Clones needs the Ulster Canal if it’s to have a viable tourism future.

Also from the report of the meeting:

A presentation at the meeting revealed that over 50 percent of buildings in Fermanagh Street in Clones are derelict.

Frustration at the lack of progress with the Ulster Canal was voiced, with representatives stating that it was on the agenda in 1999 and is still on it now.

Perhaps Clones has not got the message: the Ulster Canal is off the agenda. But there is a more fundamental problem: [some] small rural towns are dying because there is no longer any economic need for them. The scale of things has changed since the late nineteenth century; consumers can travel to Aldi and Lidl in larger towns; local markets and fairs are no longer how business is done.

Tourism is unlikely to rescue Clones: if it could do so, why isn’t the town already a tourist destination?
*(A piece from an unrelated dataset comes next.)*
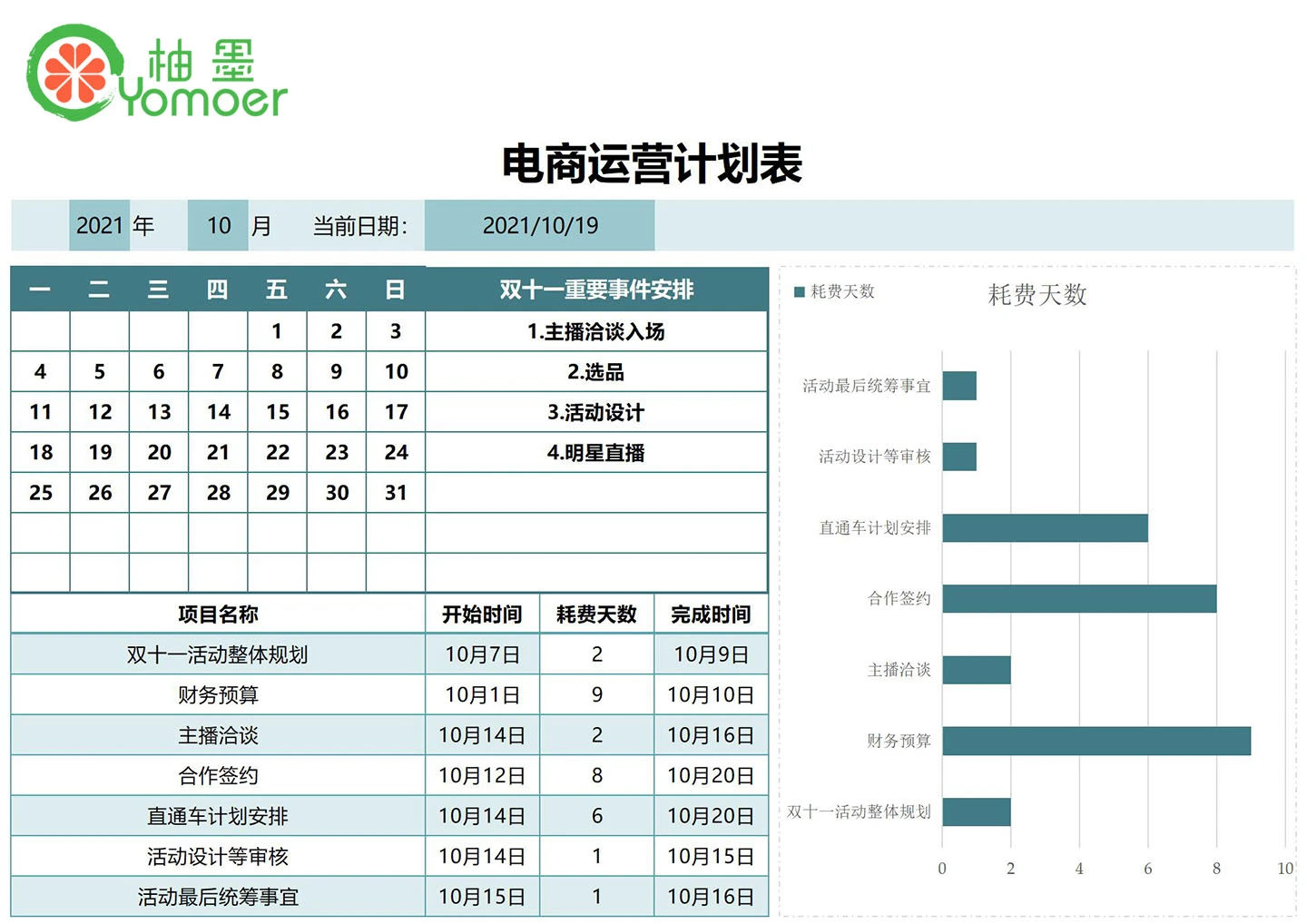 电商运营计划表(自动计算时间统计图表)

Why aren’t its attractions well known throughout Germany and wherever else tourists come from? Enabling tourists to visit by water is not going to attract significant numbers from abroad: there are more scenic and interesting waterways elsewhere, in Ireland and on the continent. There would be a very poor return on the millions that a canal to Clones would cost — not helped by proposals for significant overpayment for land.

I still don’t understand why Sinn Féin is so keen on canals generally and the Clones Sheugh in particular. But Clones might find a new economic role as a post-Brexit smuggling centre.